▶ **TASK REQUIREMENTS**
Could you repeat, exactly and with no pictures, only the lines from the start of the records through the line containing "3、学霸背单词还支持用户每日打卡,培养日常学习的好习惯。"?

▶ **RECORDS FOR THIS EXERCISE**
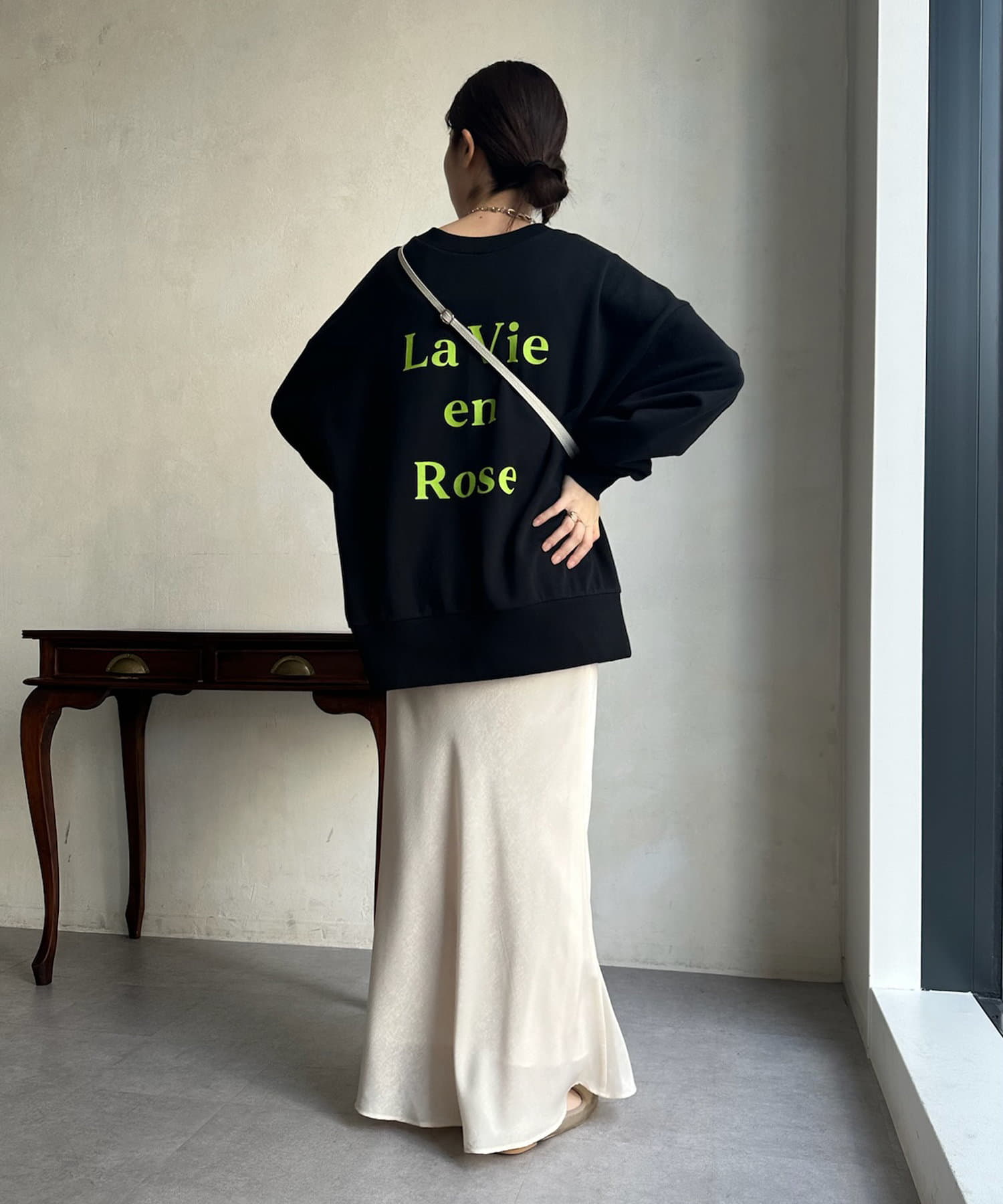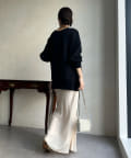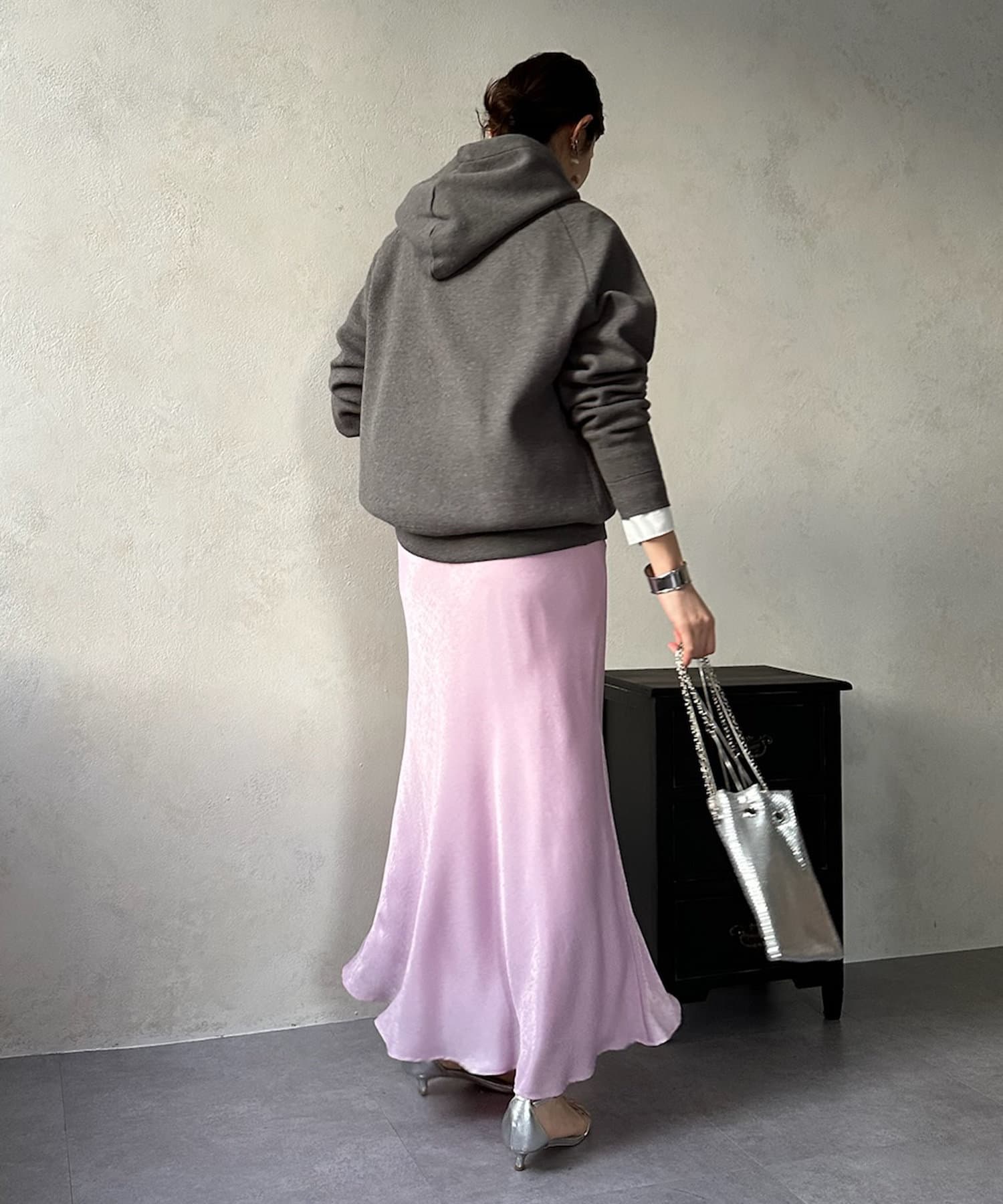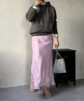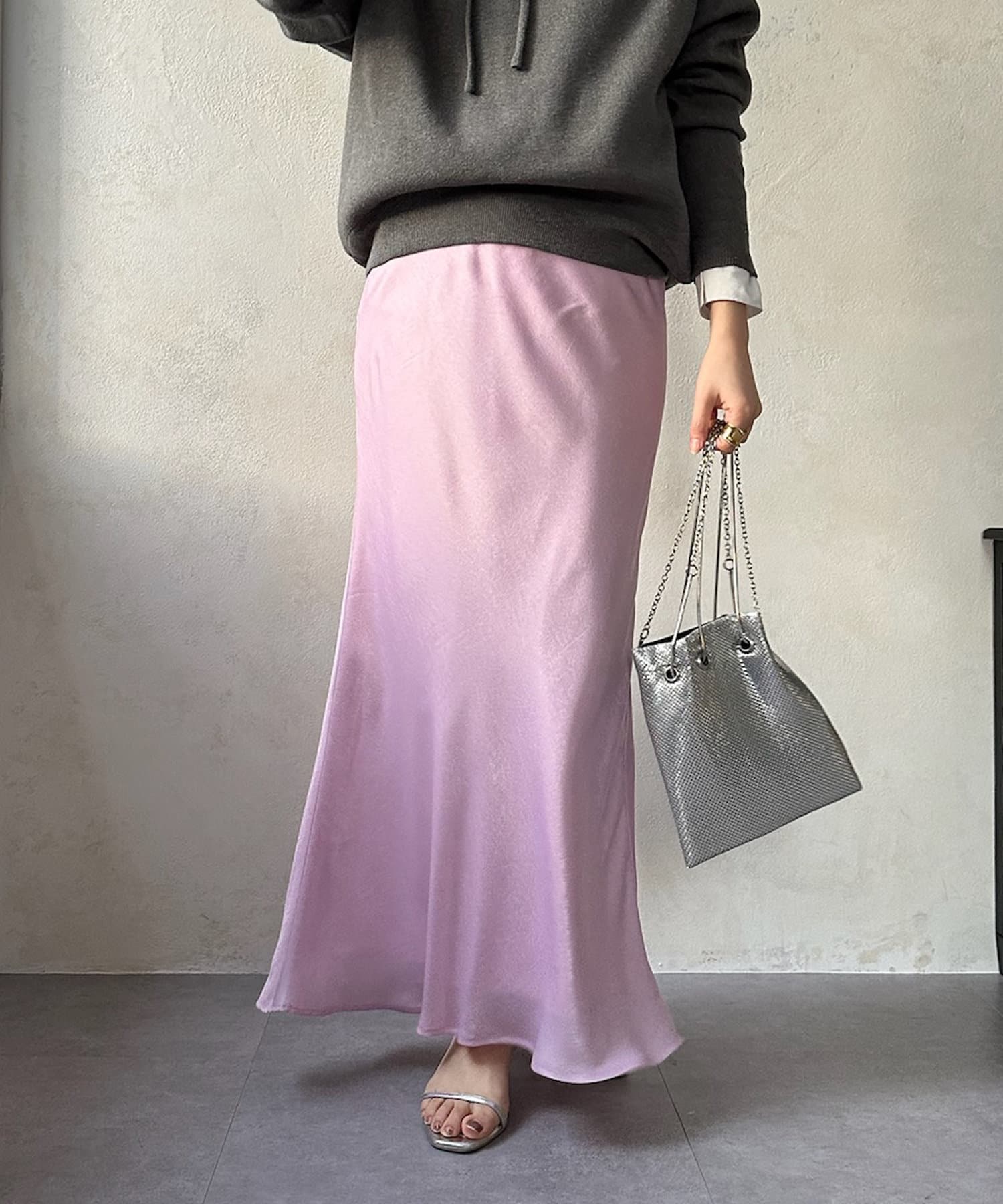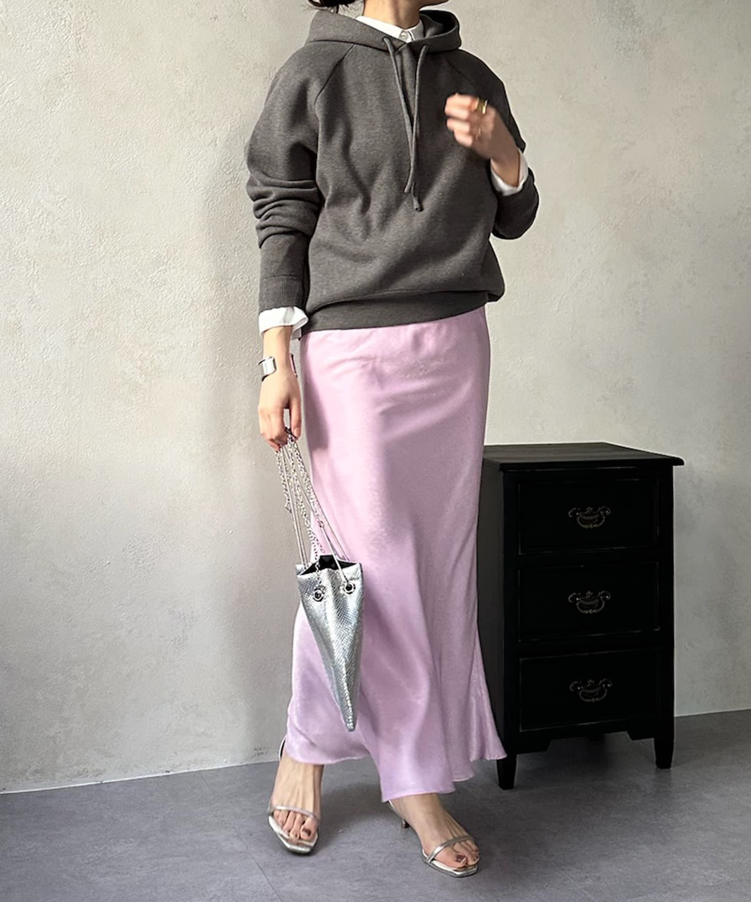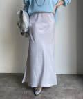 すっきりとした落ち感のある綺麗なシルエットが女性らしい印象を与えてくれるサテンスカート。
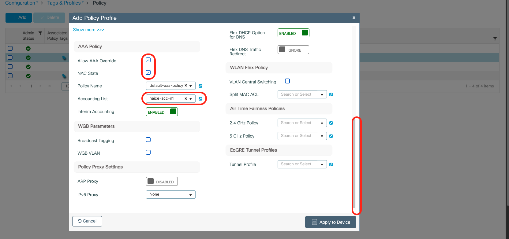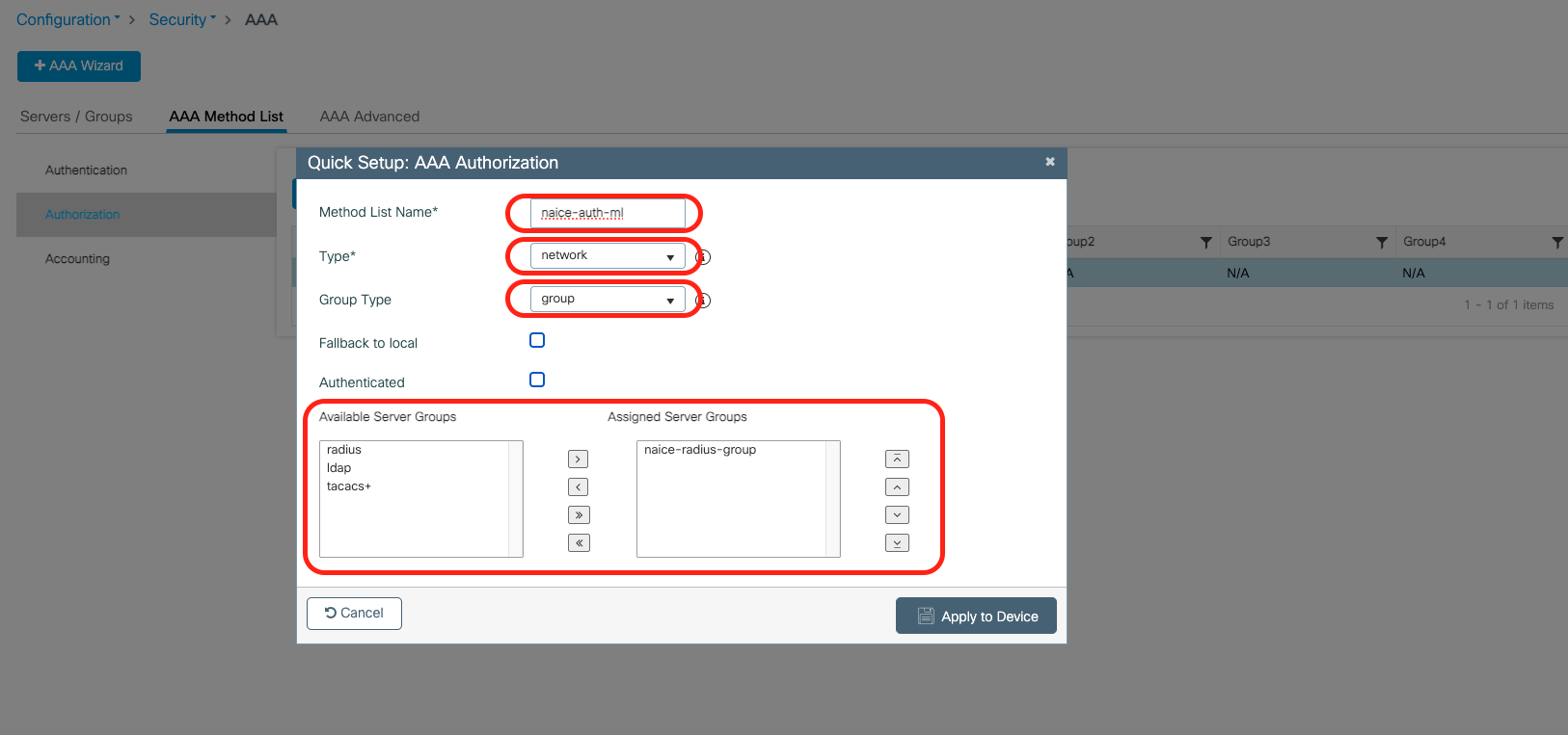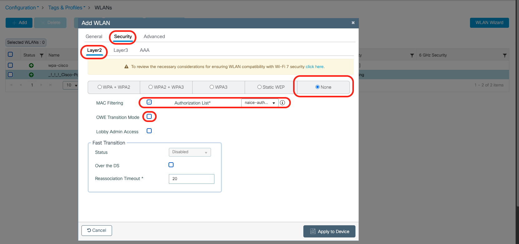 - Поставить флажок MAC Filtering, в появившемся рядом поле Authorization List, выбрать созданный ранее AAA Authorization List (В примере это naice-auth-ml).
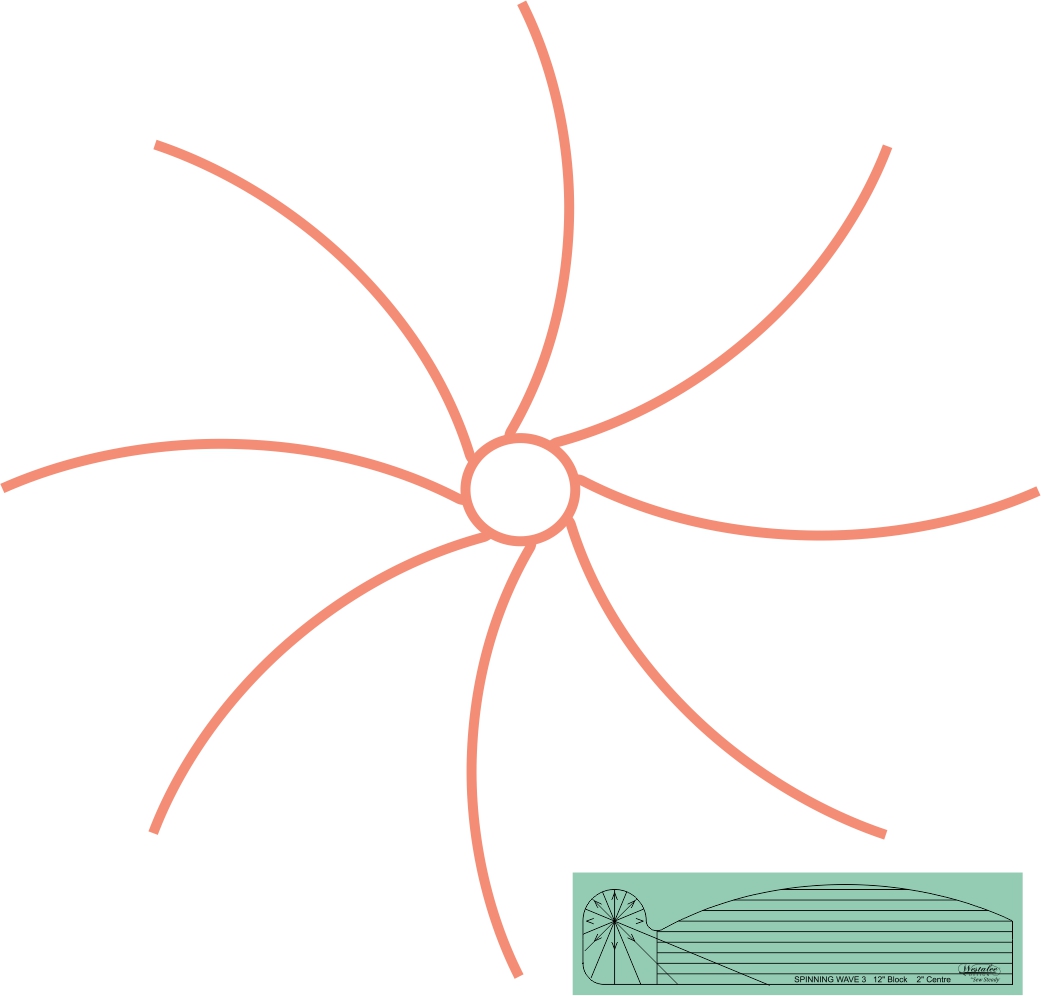 The Spinning Wave Templates will stitch out to fill a 12″ block with a 2″ centre, Template can be flipped for effect.
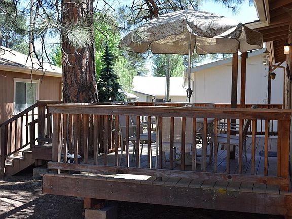 You don't want to miss this one. Spacious manufactured home, large lot and located on a quiet cul-de-sac. Open living and dining area. Easy to work in kitchen with all the appliances. Two big bedrooms and two baths. One bath is remodeled. Lots of closet space in the master. Actually, there's storage spaces everywhere. Really nice private deck off the back. Detached garage that also has a private apartment with a living area, bedroom and bath. Fully furnished and move-in ready.
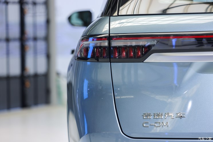 车辆尾部,同样是瑞虎9相似的贯穿式尾灯设计,中央包含奇瑞的LOGO,整个尾灯看上去相当精致,整个车尾看上去有较宽的横向视觉。
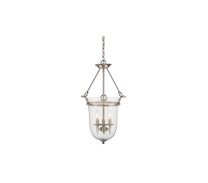 Trudy 3 loftlampe udført i et design af satineret nikkel lakeret stål og med skærm i klart glas med dråbe effekt. Lampen er fra amerikanske Savoy House og anvender 3 x E14 lyskilder og måler 41 cm i diameter og 62 - 360 cm i højden.
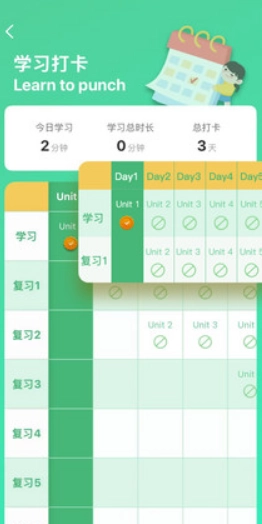 3、学霸背单词还支持用户每日打卡,培养日常学习的好习惯。
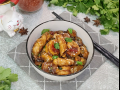 Время соуса. Убавьте нагрев до среднего, тщательно перемешайте соус, прежде чем вылить в сковороду, поскольку крахмал оседает на дно. Соус практически сразу начинает густеть. Проварите все вместе 2-3 минуты, добавьте зелёный лук, перемешайте, и наши кальмары в кисло-сладком соусе готовы!

▶ **SOLVED PROBLEM**
 すっきりとした落ち感のある綺麗なシルエットが女性らしい印象を与えてくれるサテンスカート。
 - Поставить флажок MAC Filtering, в появившемся рядом поле Authorization List, выбрать созданный ранее AAA Authorization List (В примере это naice-auth-ml).
 The Spinning Wave Templates will stitch out to fill a 12″ block with a 2″ centre, Template can be flipped for effect.
 You don't want to miss this one. Spacious manufactured home, large lot and located on a quiet cul-de-sac. Open living and dining area. Easy to work in kitchen with all the appliances. Two big bedrooms and two baths. One bath is remodeled. Lots of closet space in the master. Actually, there's storage spaces everywhere. Really nice private deck off the back. Detached garage that also has a private apartment with a living area, bedroom and bath. Fully furnished and move-in ready.
 车辆尾部,同样是瑞虎9相似的贯穿式尾灯设计,中央包含奇瑞的LOGO,整个尾灯看上去相当精致,整个车尾看上去有较宽的横向视觉。
 Trudy 3 loftlampe udført i et design af satineret nikkel lakeret stål og med skærm i klart glas med dråbe effekt. Lampen er fra amerikanske Savoy House og anvender 3 x E14 lyskilder og måler 41 cm i diameter og 62 - 360 cm i højden.
 3、学霸背单词还支持用户每日打卡,培养日常学习的好习惯。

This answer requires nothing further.